We drove out to Vista one night just before school let out, and my mom dropped me off.  A strong Santa Ana wind blew out of the desert, bringing with it scorching hundred-degree heat.  The schools in San Diego County weren’t air conditioned back in the late 1980s, and conditions were miserable.  In desperation, the middle school where we held our practices threw its students into our pool, clothes and all.  The water turned black and muddy, and though the school maintenance staff had since shocked the water with chlorine, the pool’s filters hadn’t even begun to clean up the mess.  Coach Malone threw his up hands in frustration and told us all to go home.  But we couldn’t go home; half our parents had just dropped us in the parking lot without even getting out of their cars.

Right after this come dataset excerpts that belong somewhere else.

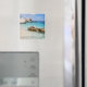 Aimant photo souvenir avec de gros rochers dans l'eau et dans le sable de la plage de Cala Mariolu dans le golfe d'Orosei à la côte d'émeraude de l'île Sardaigne dans la mer Méditerranée, Italie avec le texte : "Sardaigne, Golfo di Orosei".
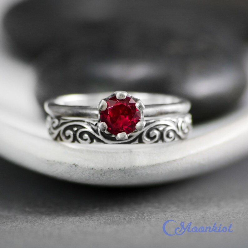 Vintage Style Wedding Ring Set Sterling Silver Proposal Ring Set Ruby Engagement Ring And Wedding Band Ruby Ring Set Valentines Gift
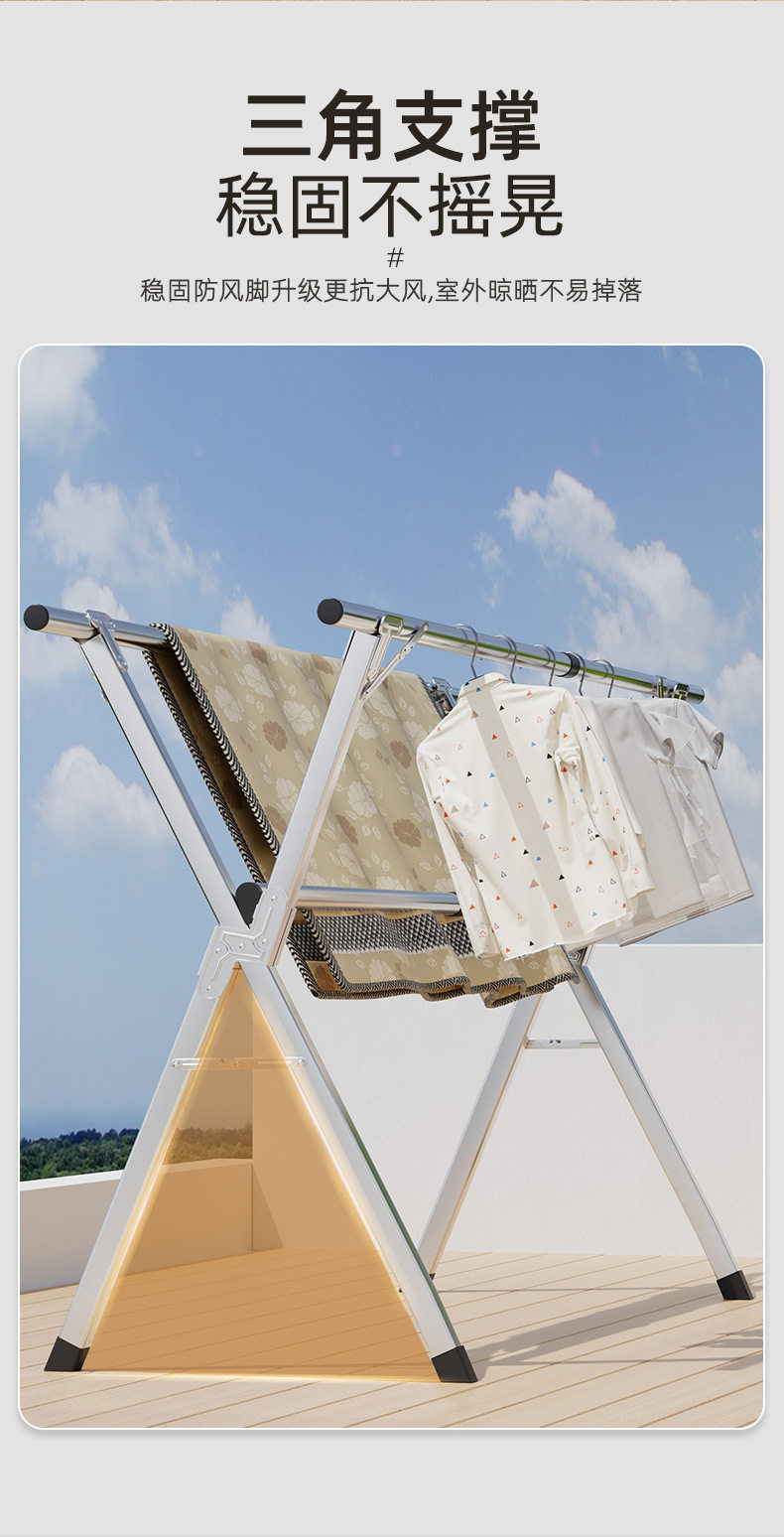 Thickened Stainless Steel Floor-Standing Folding Clothes Drying Rack, Indoor Double-Rod Clothes Rack, Outdoor Balcony Retractable Clothes Rack
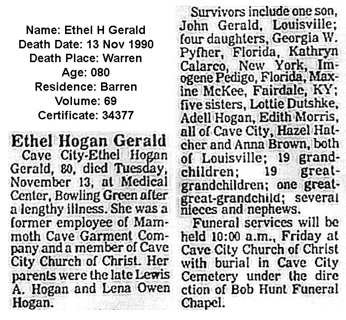 | Gerald, Johnnie B. | Caldwell/Barren |
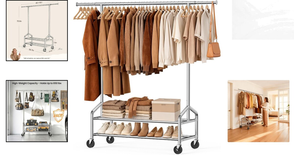 Heavy Duty 650 lb Capacity Rolling Clothes and 35 similar items
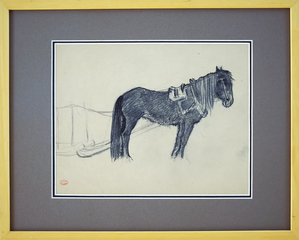 Clarence Gagnon’s Cheval et Traîneau is a spare, intimate drawing that centres on a sturdy workhorse standing in profile, harnessed to a lightly sketched sleigh behind it.
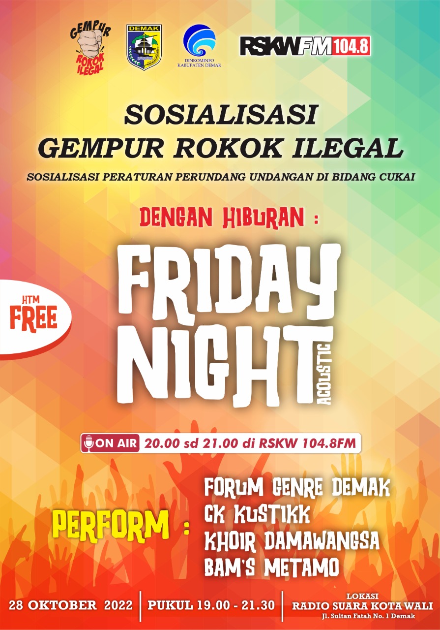 “Malam ini akan ada penampilan dari CK Kustik, Khoir Damawangsa, Bam’s Metamo dan Forum Genre Demak. Tentunya dipandu oleh host terasik dari penyiar Radio Suara Kota Wali (RSKW), dijamin seru!,”kata Endah.

Jeff rallied us, and we piled into two cars.  He drove one, his old beater hatchback.  Shirley drove the other, a white BMW she owned by virtue of her parents’ success with a chain of dry-cleaners.  Jeff put on Van Halen’s “Summer Nights,” and I rode shotgun while he drove us down to the beach a dozen miles away.  We stripped off and dove into the water—six or maybe eight of us, all competitive swimmers.  We swam out to what seemed like the edge of the horizon, until waves rocked us gently in a little knot out past the break line.  We floated.  Breakers crashed into the beach while the sun slowly sank behind our backs.  The sky came alive with the fire of sunset.
I’d never felt so alive or free.
I looked over at my friend Layne and smiled, and she smiled back.  We got to talking, laughing.  She had blonde hair that came down to her shoulders, gorgeous green eyes, and a ready smile.  The body of a pinup-up model, though I’d never really noticed before.  She was a year older, naturally.  
I fell in love for the very first time.

17. At a championship meet, the top eight make the finals and then swim to determine an overall champion.  The next eight qualify for the “consolation finals” or “consuls”.  Depending on the meet’s format, consuls finishers may still score points for their club or school.